Il ritornello della traccia d’apertura “Un irresistibile richiamo” recita: “Un suono di campane/ lontano, irresistibile, il richiamo/che invita alla preghiera del tramonto”: versi che ricordano il David Tibet dei Current 93 di "A Gothic Love Song” (“The bells of St. Mary call us to remember/ That life is with end”, ossia “Le campane di St. Mary ti chiamano per ricordarti/Che la vita ha una fine”). E’ la presenza della Fine che turba il quieto vivere del cantautore, un vivere continuamente sconquassato da segnali/presagi che indicano una imminente conclusione del tutto: presente e futuro sono piani che iniziano a sovrapporsi confondendosi a vicenda.

“Testamento” è un titolo che non lascia certo adito a dubbi e Battiato sembra parlarci come se già si trovasse nell’aldilà: “…e mi piaceva tutto della mia vita mortale/ anche l’odore che davano gli asparagi all’urina”, parole eloquenti che ci fanno già capire come chi le pronuncia abbia con la mente oltrepassato la linea di non-ritorno, e si guardi indietro con nostalgia, nonostante poco dopo aggiunga “noi non siamo mai morti, e non siamo mai nati”. Ma è comprensibile: a prescindere dalle proprie convinzioni, il trauma della Morte è insanabile per l’essere pensante. Non esiste credenza o filosofia che possa giustificare la nostra dipartita dalla vita terrena.

“Quand’ero giovane” rimarca il concetto. La terza traccia, sicuramente più riuscita della precedente, porta con sé toni più distesi (“Viva la gioventù, che fortunatamente passa/ senza troppi problemi/ vivere è un dono che ci ha dato il cielo”), seppur smorzati da una chiosa che nella sua semplicità si impone come una sentenza senza appello: “Andavamo a suonare nelle sale della Lombardia, e c’era/ un’atmosfera eccezionale, la domenica, di pomeriggio, in quelle/ balere, si divertivano a ballare, operai e cameriere./ Era passata un’altra settimana”. In quest’ultima riga, fra l’altro recitata con un beffardo abbassamento di tonalità, si condensa tutta l’amarezza e lo struggimento nel constatare che la vita è inesorabilmente schiava del trascorrere del tempo: aiuta il drumming metronomico di Gavin Harrison (già batterista di Portupine Tree e King Crimson, abituato dunque a ben altre partiture) che con il suo incedere incessante ed ostinato scandisce l’impietoso e sordo scorrere dei giorni.
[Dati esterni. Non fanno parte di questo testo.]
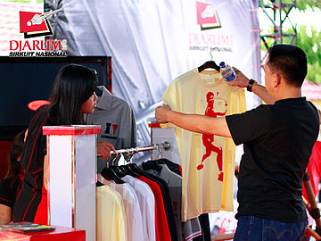 Salah satu pengunjung Djarum Sirkuit Nasional Li-Ning 2013 sedang memilih merchendise di booth Djarum.

Le prime parole di “Eri con me” non recano conforto: “Siamo detriti, relitti umani, trascinati da un fiume in piena, che non conosce soste né destinazione”. Se il brano non è direttamente ricollegabile al tema della Morte, di certo non è lusinghiero verso la vita e la pochezza/insensatezza delle esistenze umane che la attraversano.

E “Passacaglia”, persino singolo (!!!), rincara la dose: “Ah, come t’inganni se pensi che gli anni/ non hann’ da finire è breve il gioire”. L’andamento allegrotto del brano è ingannevole e cozza con frasi che ci stupiamo di ritrovare in un album di musica leggera (“Viviamo in un mondo orribile” oppure “Vorrei tornare indietro nella mia casa d’origine/ dove vivevo prima di arrivare qui sulla Terra”).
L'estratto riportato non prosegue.